An acute dermal toxicity test was conducted with rats to determine the potential for CA5528 to produce toxicity from a single topical application.  Initially, 5000 mg/kg of the test substance was applied to the skin of one healthy male rat and one healthy female rat for 24 hours. Due to the absence of clinical signs or severe local signs of irritation, an additional four males and four females were tested.  The animals were observed for mortality, signs of gross toxicity, and behavioral changes at least once daily for 14 days. Body weights were recorded prior to application (initial), on Day 7, and on Day 14 (terminal). Necropsies were performed on all animals.
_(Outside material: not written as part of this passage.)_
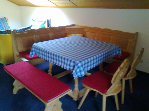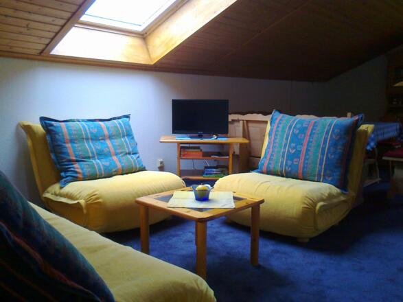 Küche mit Spülmaschine, Kaffeemaschine, Grundausstattung Wohn-Essbereich mit Sat-TV und Anrichte mit Geschirr, WLAN 2 Schlafzimmer, Fahrrad bzw. Skikeller, Waschmaschinennutzung möglich, kein Stellplatz, aber Parkmöglichkeiten in der Nähe des Hauses, Bad mit Fenster, Dusche und WC, Nichtraucher, keine Haustiere Bitte berücksichtigen Sie, dass zum Appartment viele Treppenstufen führen. Restaurant nebenan, Lebensmittel 200 m. 2 min zur Bushaltestelle, 10 min zur S-Bahn per Bus oder Auto. Endreinigung 50,--€ Wir freuen uns auf Ihre Anfrage.

All animals survived test substance administration and gained body weight during the study.  Other than the dermal irritation noted at the dose site of all animals between Days 1 and 8, there were no other adverse clinical findings recorded for any animal over the course of the study.  No gross abnormalities were noted for any of the animals when necropsied at the conclusion of the 14-day observation period.

Endpoint conclusion

Endpoint conclusion:

no adverse effect observed

Quality of whole database:

A fully reliable and valid study according to relevant OECD test guidelines and GLP is available.

Additional information

Justification for classification or non-classification

The substance does not meet the criteria for classification for acute toxicity in accordance with CLP-Regulation (EC) No. 1272/2008.